_WHAT THE TASK REQUIRES_
Return exactly the lines from the start of the records below through the line containing "Lustig ist auch", both ends included, and leave out the pictures.

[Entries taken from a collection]
========================================
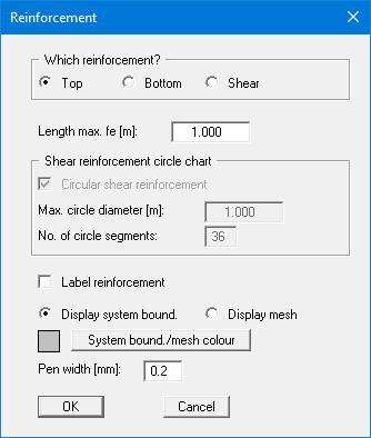 The reinforcement is displayed as lines according to direction and size. Shear reinforcement can also be displayed as a circle diagram; otherwise, the numerical values are displayed.
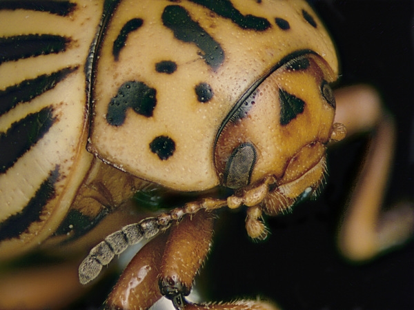 Lustig ist auch der Kartoffelkäfer: Hier sind die Augen so gut getarnt, dass sie sich gar nicht mehr in unsere Wahrnehmung drängen - man muss sie richtig suchen!
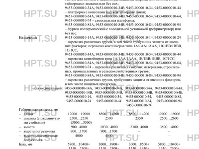 | Подвеска передняя | зависимая, пневматическая, с гидравлическими телескопическими амортизаторами или зависимая, рессорная балансирная, с гидравлическими телескопическими амортизаторами и со стабилизаторами поперечной устойчивости или без них, с первой, или с первой и второй или с первой и четвертой или с четвертой выдвижными (подъемными) осями или без них консоль с гидроцилиндром подъема контейнера и задними дополнительными опорами, поворотный задний контейнерный замок 945 |
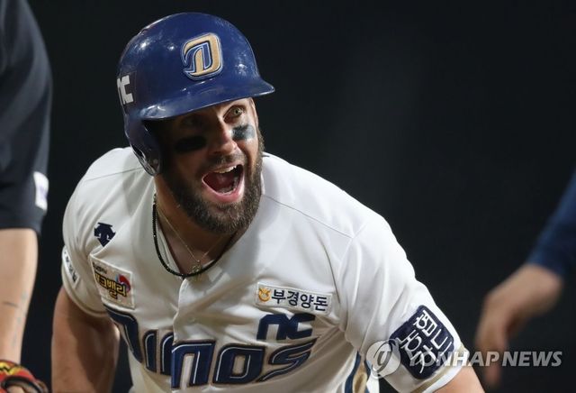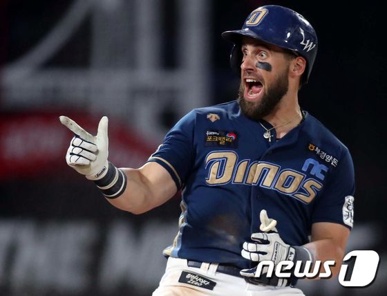 닉 마티니가 2022년 8월 7일 부산 동래구 사직야구장에서 열린 프로야구 '2022 신한은행 SOL KBO리그' NC 다이노스와 롯데 자이언츠의 경기에서 7회초 1사 만루 NC 마티니의 4타점 홈런 후 홈인하여 세레머니를 하고 있다. / 뉴스1
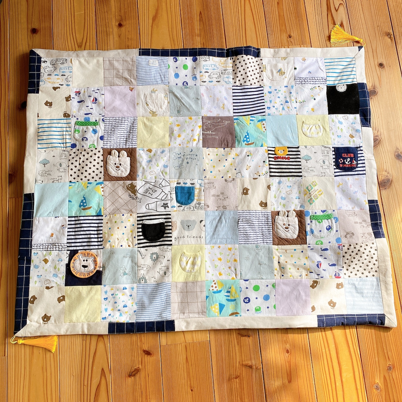 サイズアウトしたベビー服をブランケットにリメイクしました。
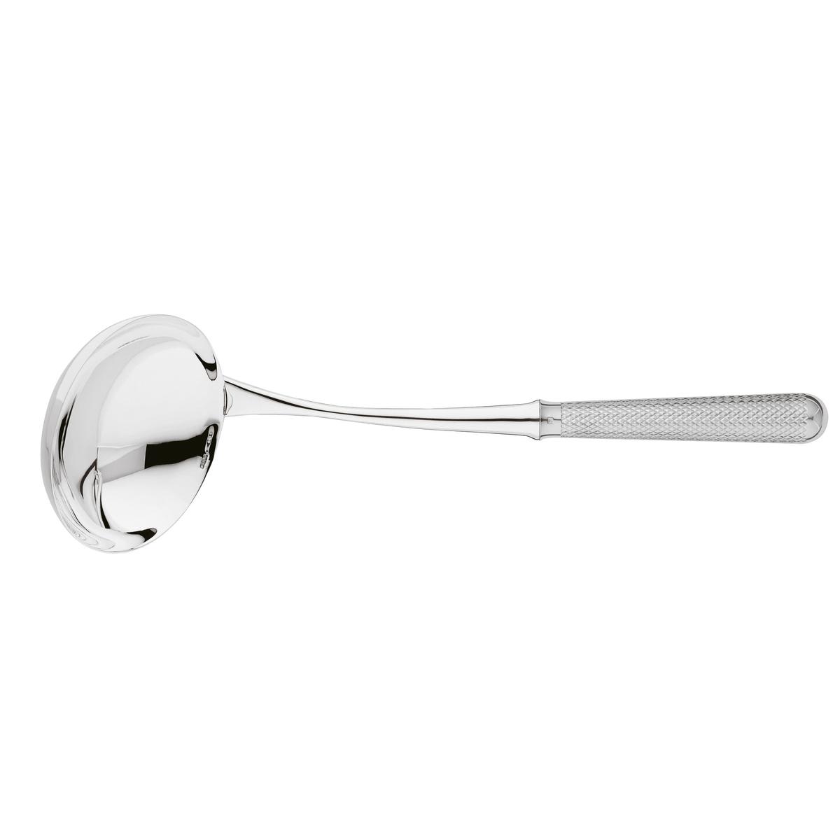 Guilloché, a decorative engraving method dating back to the 16th century, creates delicate, geometric patterns measuring just a tenth of a millimetre in width. Requiring extreme precision and a gesture passed down from generation to generation, this true art form produces refined surface structures of remarkable depth and brilliance. In the "Diamant" design, the technique reveals itself in a finely faceted, diamond-inspired pattern on the handles, giving the collection its name. The textured relief captures and reflects light beautifully, adding a subtle radiance to any table setting.
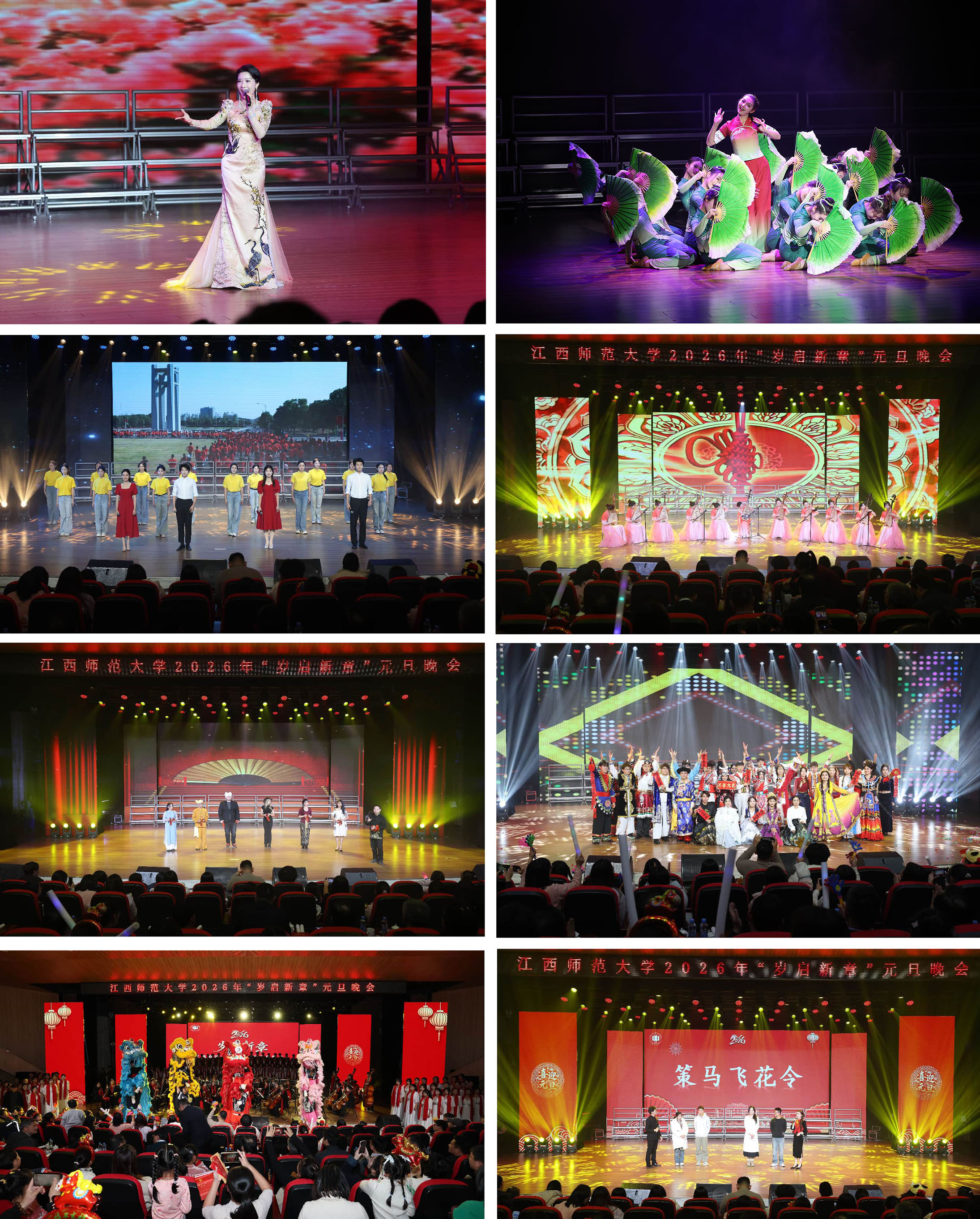 晚会在音乐学院青蓝交响乐团带来的《星辰大海》和《红色娘子军》气势磅礴的乐声中拉开帷幕,激昂的旋律瞬间点燃全场。整场演出节目丰富、形式多样。女声独唱《越来越好》婉转动听,唱出了对新年的美好愿景;《节日欢歌》舞姿优美,将传统舞蹈的喜庆韵律与新年的热闹氛围完美交融;朗诵《闪耀吧 青春》用铿锵有力的话语展现了青春的模样,传达了师大学子的热血与担当;《我的入党志愿书》让观众在歌声中重温那份跨越时空的庄严承诺。留学生们带来曲艺快板《唱南昌》,快板声声节奏明快,尽展地方民俗特色;在《同心石榴籽·筑梦中华情》中,各民族学子身着民族特色服饰,诠释民族一家亲;交响合唱《在灿烂阳光下》,奏响了对未来的美好期盼。全场齐声合唱《歌唱祖国》,激昂旋律响彻会场,在热烈的掌声中,晚会正式落下帷幕。
========================================
_TASK OUTPUT_
 The reinforcement is displayed as lines according to direction and size. Shear reinforcement can also be displayed as a circle diagram; otherwise, the numerical values are displayed.
 Lustig ist auch der Kartoffelkäfer: Hier sind die Augen so gut getarnt, dass sie sich gar nicht mehr in unsere Wahrnehmung drängen - man muss sie richtig suchen!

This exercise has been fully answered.